In Anticipation of Perfect Deepfake: Identity-anchored Artifact-agnostic Detection under Rebalanced Deepfake Detection Protocol

As deep generative models advance, we anticipate deepfakes achieving "perfection"-generating no discernible artifacts or noise. However, current deepfake detectors, intentionally or inadvertently, rely on such artifacts for detection, as they are exclusive to deepfakes and absent in genuine examples. To bridge this gap, we introduce the Rebalanced Deepfake Detection Protocol (RDDP) to stress-test detectors under balanced scenarios where genuine and forged examples bear similar artifacts.

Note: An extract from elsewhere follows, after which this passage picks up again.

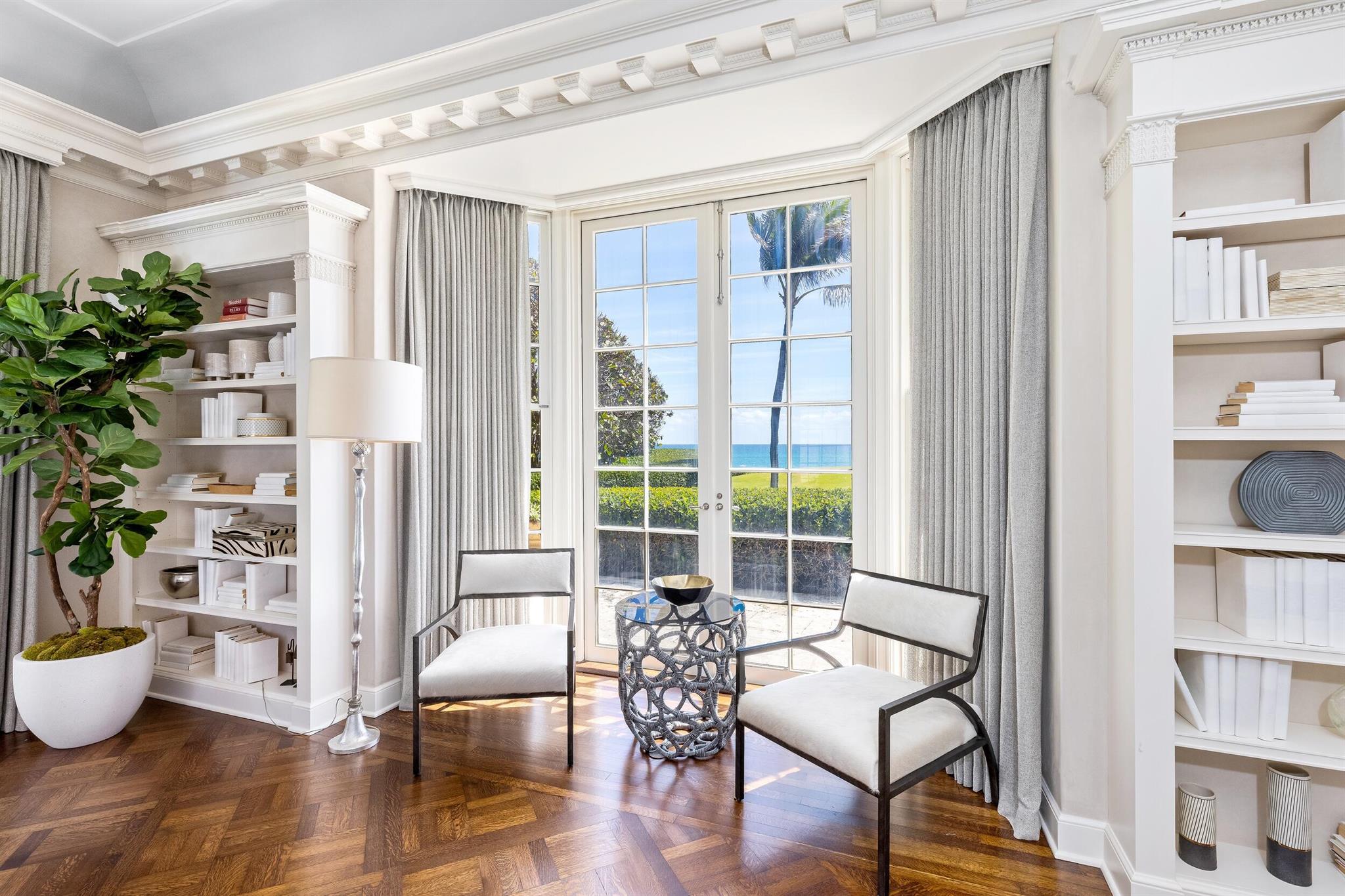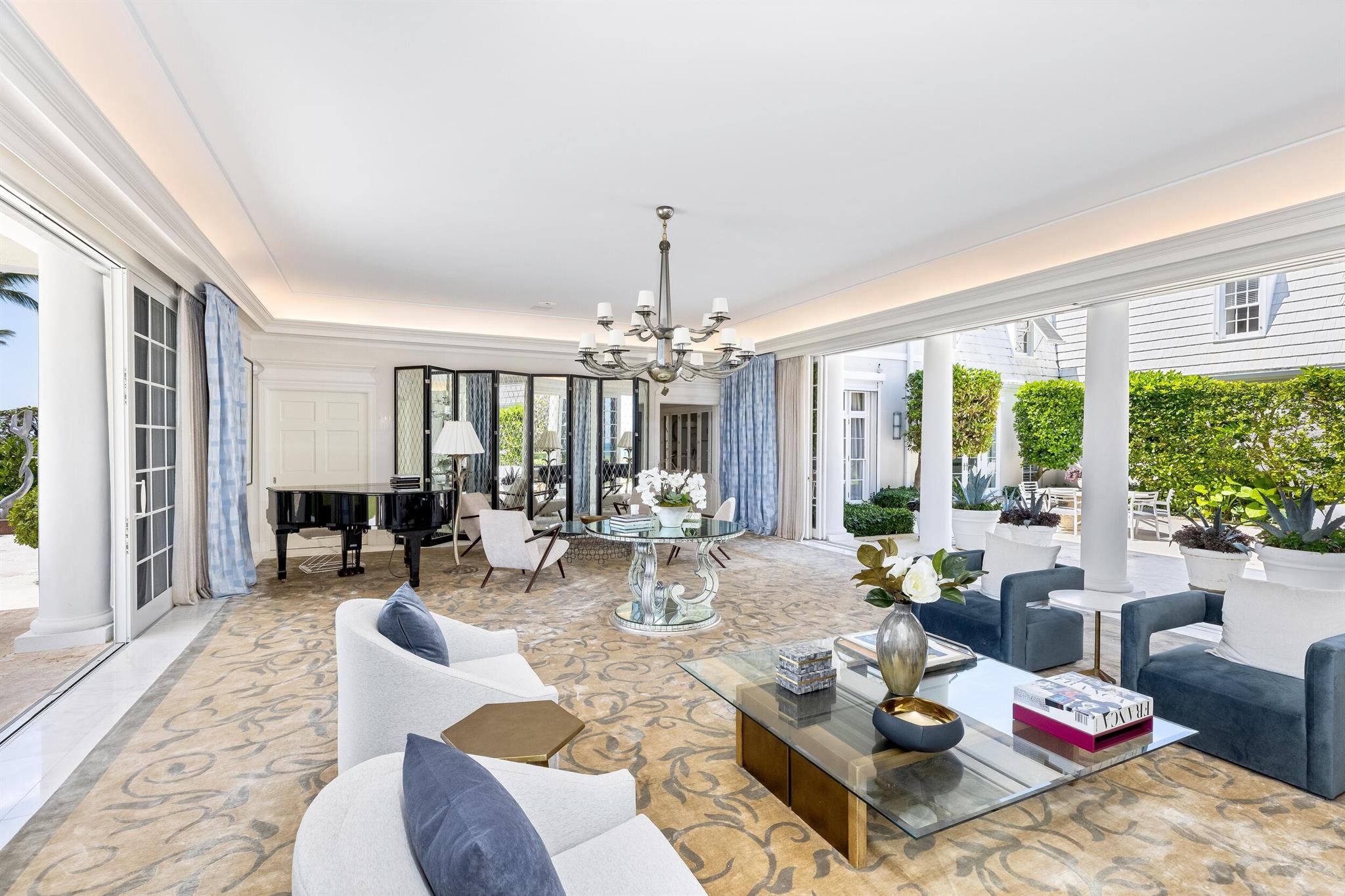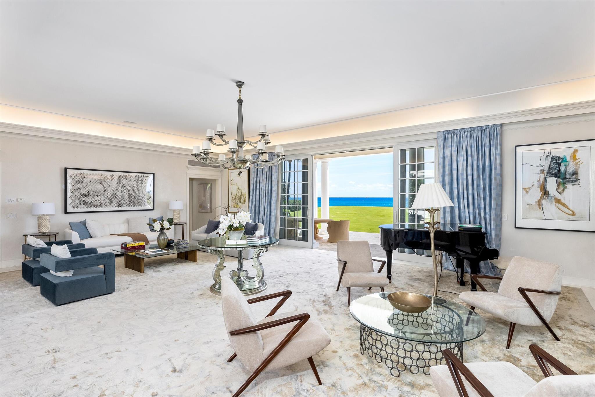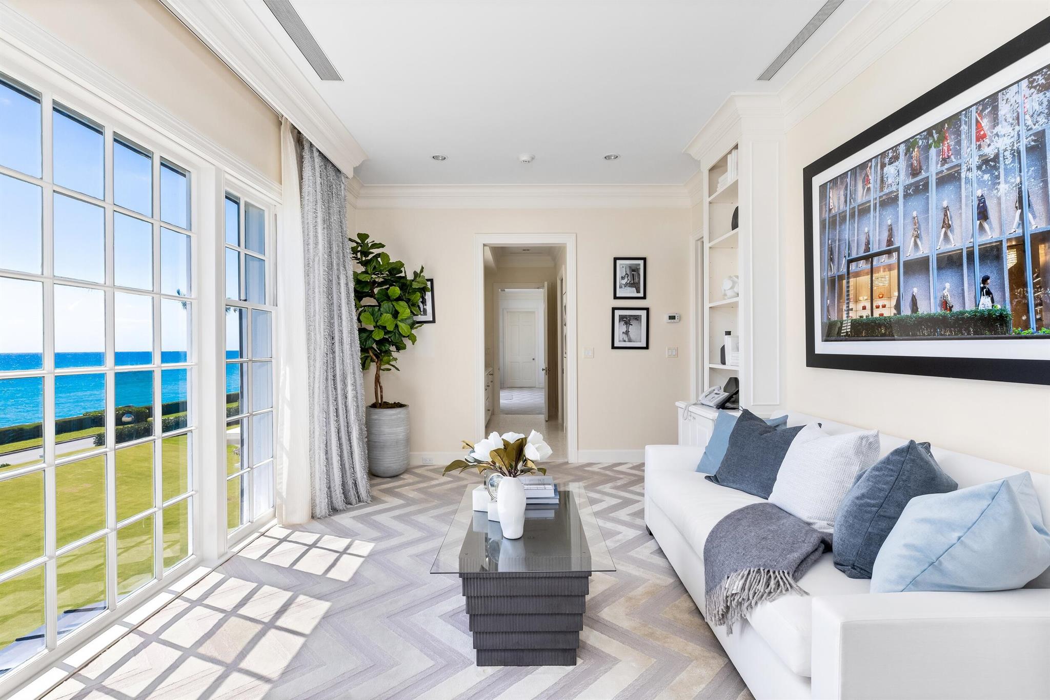 Spectacular Oceanfront Estate situated on a fantastic .9 acre +/- lot with approximately 200 feet of ocean frontage. This elegant Neoclassical estate features 6 bedrooms, 7 full bathrooms, and 4 powder rooms, 13,000+/- total square feet, and lots of natural light throughout. High elevation with beautiful sweeping views from nearly all primary rooms. Gorgeous outdoor spaces with covered oceanfront loggia, large pool with poolside cabana, and beautiful, lush landscaping. Expansive Primary Suite with oceanfront balcony, office, morning bar, dual bathrooms, and large walk-in closets. Beautiful and welcoming foyer leads to formal dining room. Grand formal living room with stunning views and oversized library with custom built-ins. Excellent location in Palm Beach's Estate Section.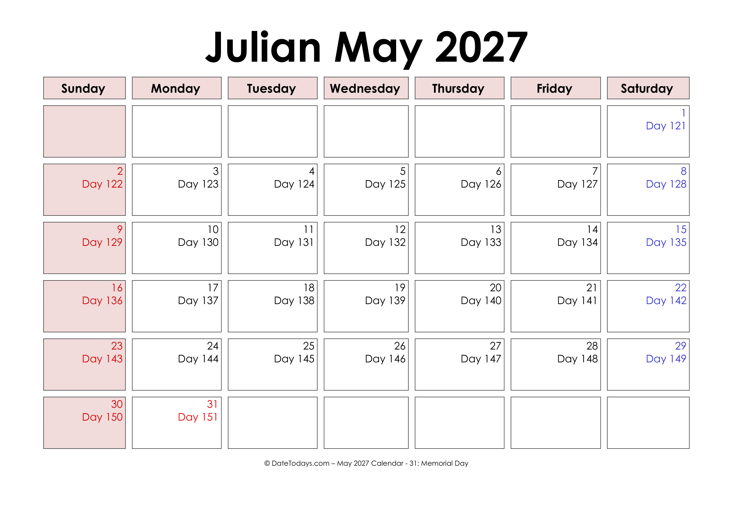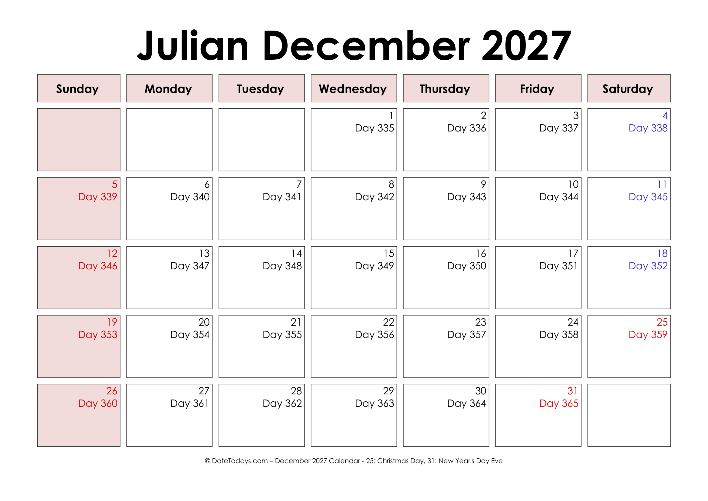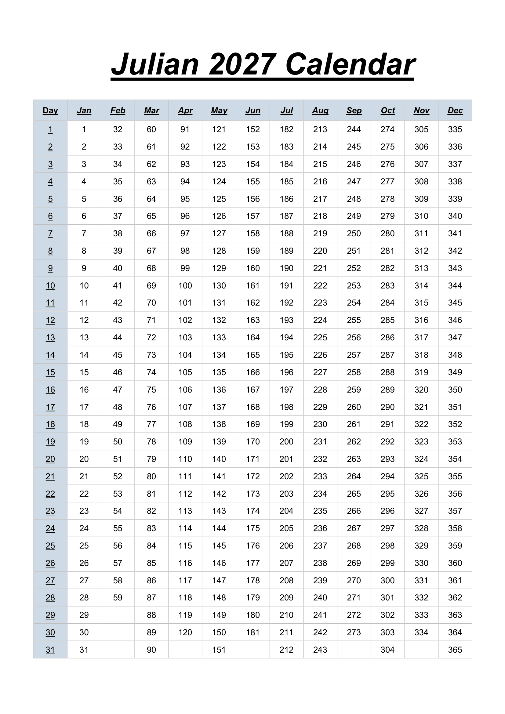 Calendar dates — year, month, and day — are more problematic. A Printable Julian Date Calendar 2027combines the standard Gregorian calendar. This calendar is basically used for daily planning and holidays) with the Julian Date. In 2027, the year is a common year (365 days), meaning January 1 is day 1, and December 31 is day 365.

We offer two RDDP variants: RDDP-WHITEHAT uses white-hat deepfake algorithms to create 'self-deepfakes,' genuine portrait videos with the resemblance of the underlying identity, yet carry similar artifacts to deepfake videos; RDDP-SURROGATE employs surrogate functions (e.g., Gaussian noise) to process both genuine and forged examples, introducing equivalent noise, thereby sidestepping the need of deepfake algorithms. Towards detecting perfect deepfake videos that aligns with genuine ones, we present ID-Miner, a detector that identifies the puppeteer behind the disguise by focusing on motion over artifacts or appearances. As an identity-based detector, it authenticates videos by comparing them with reference footage. Equipped with the artifact-agnostic loss at frame-level and the identity-anchored loss at video-level, ID-Miner effectively singles out identity signals amidst distracting variations. Extensive experiments comparing ID-Miner with 12 baseline detectors under both conventional and RDDP evaluations with two deepfake datasets, along with additional qualitative studies, affirm the superiority of our method and the necessity for detectors designed to counter perfect deepfakes.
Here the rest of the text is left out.